Tom Wood’s photography has been acclaimed before in The Eye of Photography, but a new book pushes the envelope and offers a new perspective on the nature of his achievement. Until now, his oeuvre has been associated with pictures of the everyday lives of working-class citizens in England’s northwest. Indecisive moments – whether occurring while holidaying, hanging out, riding on a bus, shopping at a market or nightclubbing – are caught in all their utter transitoriness. His chronicling of street life has been informed, if not defined, by an engaging generosity of spirit and a politeness of the heart; qualities that go against the grain of the UK’s ruling zeitgeist.
The genealogy of Irish Work lies elsewhere, in his trips back to the country where he was born and raised for the first three years of his life. ‘I always felt I was going home’, he says of the family farm in County Mayo to which he returned every year with his father. When he came ‘as an art student with camera in hand, everything seemed to have meaning and I began to photograph constantly.’
Although the subject matter of Irish Work is different – fields instead of pavements – a line of continuity from previously published work is clear. Wood has always warmed to ordinary people and been aware of social and economic constraints affecting their life chances, an affection undiluted by nostalgia or soft liberal affiliations that would inhibit a sense of kinship with those whose existence is not cushioned by affluence or class confidence. The style of his photography, characterised by an absence of artifice, brings to mind Helen Levitt: an interest in people is an immanent presupposition of their work, founded on a quirkish, inquisitive eye for the poetics of the quotidian.

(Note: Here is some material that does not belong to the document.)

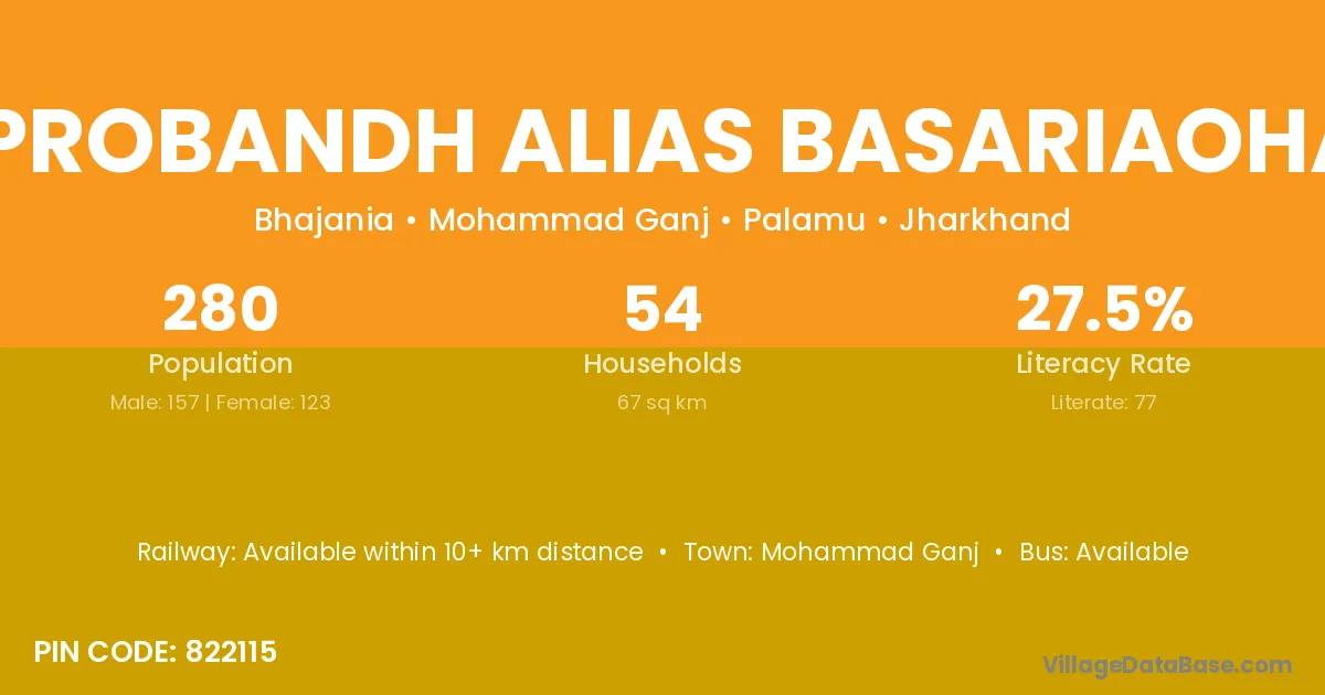 Piprobandh Alias Basariaohar village has a total population of 280 people, of which 157 are males and 123 are females.

During his annual trips home, Wood photographed what were then quintessentially Irish scenes: cycling (not for leisure), the feeding of hens, making hay, digging turf, spraying potatoes. They invest the book’s title with a literal dimension but the subject matter includes contingent moments of leisure: attending an agricultural show, drinking in a pub, chatting at a street corner. Physical landscapes provide the essential context for these scenes and there are pictures of the countryside featuring cows on roads, tractors in fields, sheep on exposed land, farmhouses (some with abandoned interiors after owners’ emigration). Interlacing all of this are impromptu shots of family and friends who converse, work, and take time out.
What is remarkable throughout is the un-remarkableness of the images.

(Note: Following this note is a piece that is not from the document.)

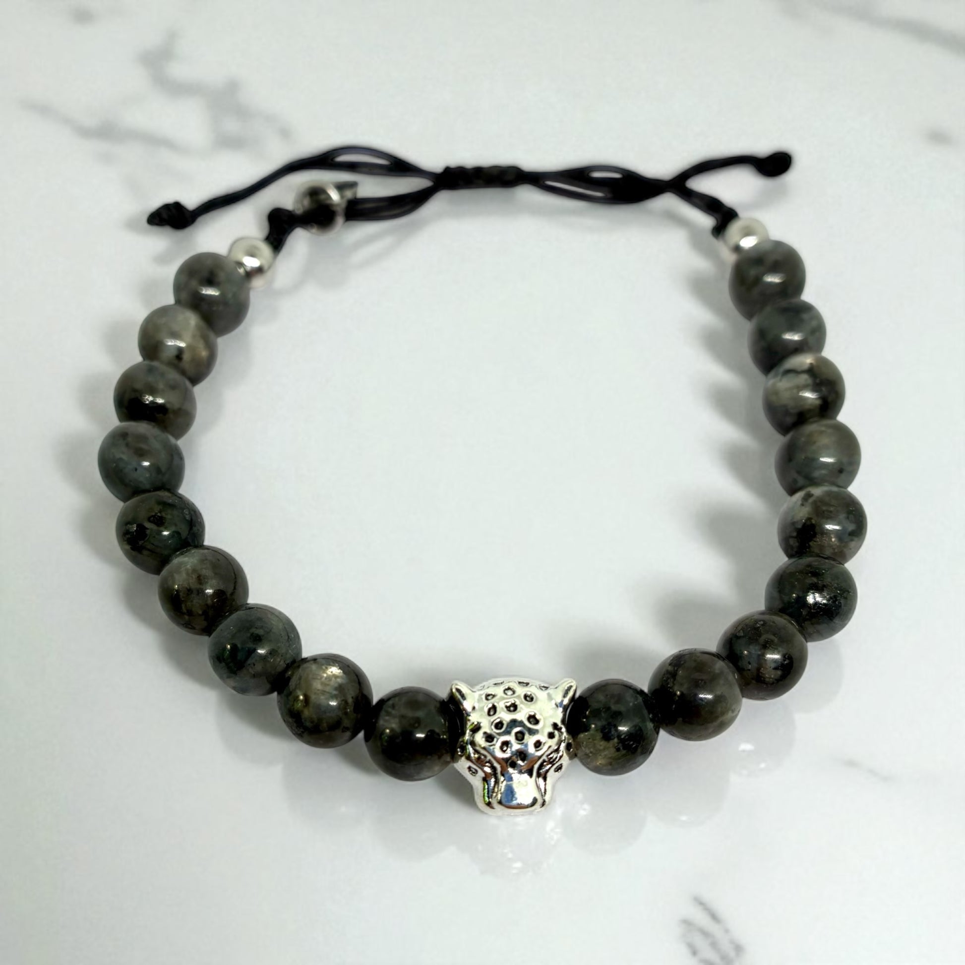 Bracelet réglable pour hommes en perles de Spectrolite et perles en acier.

Most of what is depicted will be familiar to anyone who spent time in Ireland before the ‘Celtic Tiger’ began to roar in the mid-1990s, sending the economy into overdrive and precipitating a seismic shift in traditional social attitudes and the contours of the urban/rural divide.
What sutures this selection of Wood’s photographs (whittled down from more than a thousand), made in the west of Ireland between 1970 and 2019, is a wistful recording of splinters from a social substance that no longer exists. From the passage of time, a space for what is absent emerges, a space not just for people now deceased but also for something more intangible. The pictures become a visual representation of Lacan’s objet a, that which stands in for a void, the filling of a lack.
The void is experienced as loss and an Ireland of the past fills the gap that loss creates. This comes about only in retrospect, through the bringing together and arrangement of pictures that were not taken with foreknowledge of their future use. In this sense, finding what is felt to have been lost emerges as the retrospective effect of looking for it in the act of return. The returning creates not just the restitution of a felt loss but that which is felt to have been lost and now found, a paradox expressed by Žižek in The Parallax View in suitably riddling terms: ‘that to which the process of returning is returning is produced by the very process of returning.’
This may seem too abstract for its own good given the strict empiricism that accompanies Wood’s odyssey into the past. Each one of the images is tabulated at the back of the book by a date and a brief description by way of location, name or wry description. A list of what camera type was used, over what period of time and the film format is also provided. A level of objectivity insistently asserts itself, the people and the scenes were real, and the book stands as a loving homage to bygone existences.
Sean Sheehan
Irish Work, by Tom Wood, is published by RRB Photobooks.